= Benedetta Mennucci =

Italian theoretical chemist

Benedetta Mennucci (born 1969) is an Italian theoretical chemist who is professor at the University of Pisa. She is a developer of the polarizable continuum model.

== Early life and education ==
Mennucci obtained her Laurea in Chemistry in 1994 and her Ph.D. award in Chemistry in 1999. The PhD thesis had the title "Theoretical Models and Computational Applications of Molecular Phenomena Involving the Environment Effect".

== Research and career ==
Benedetta Mennucci was appointed Full Professor of Physical Chemistry in 2012 at the Department of Chemistry at the University of Pisa, where she leads the MoLECoLab research group.

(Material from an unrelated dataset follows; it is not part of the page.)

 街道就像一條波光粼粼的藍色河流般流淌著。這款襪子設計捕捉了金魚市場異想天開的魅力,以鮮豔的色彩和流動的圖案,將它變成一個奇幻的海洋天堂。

She is Senior Editor for The Journal of Physical Chemistry Letters, member of the Editorial Advisory Board of Chemical Reviews, Journal of Chemical Theory and Computation, and Cell Reports Physical Science, and member of the Editorial Board of Theoretical Chemistry Accounts.

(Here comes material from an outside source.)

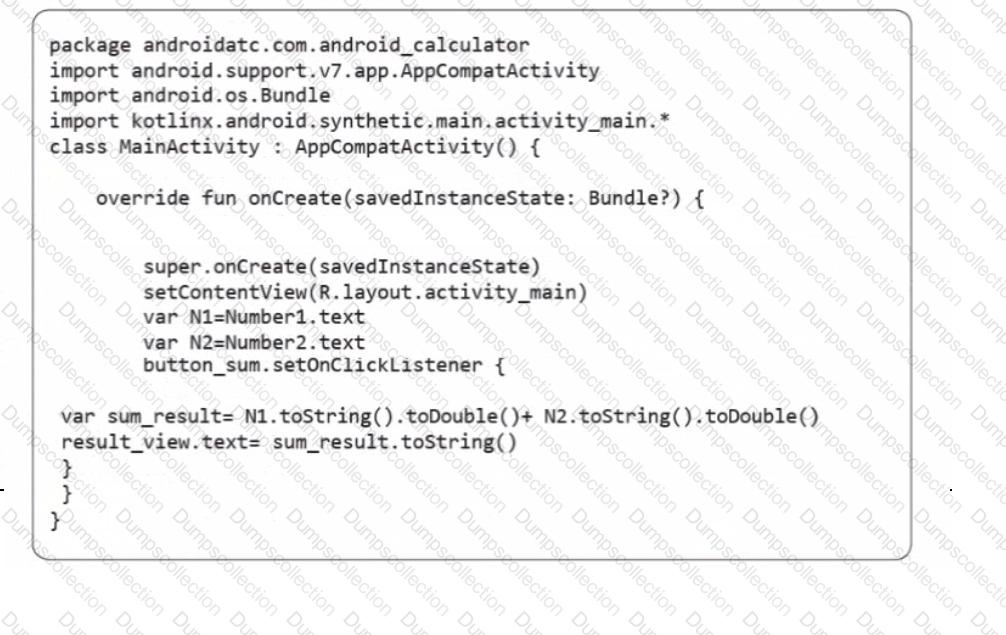 Check the following image which includes Android code for a sum calculator. Which of the following choices is correct about this Android code?

Her research focuses on the development of computational approaches which integrate quantum chemistry with classical models to describe processes of chemical and biological systems of increasing complexity. She is a main developer of the polarizable continuum model to predict solvent effects in computational chemistry. In the last years, her main research activity has moved towards the development and the application of polarizable embedding QM/MM methods for modelling light-induced processes in proteins. She is a contributor to the Gaussian (software) and she has co-authored more than 300 publications, including reviews and book chapters. Mennucci is co-author of the book "Continuum Solvation Models in Chemical Physics: From Theory to Applications".

== Awards and honours ==
Mennucci is a member of the International Academy of Quantum Molecular Science and an elected board member of the World Association of Theoretical and Computational Chemists. Mennucci is also listed on AcademiaNet.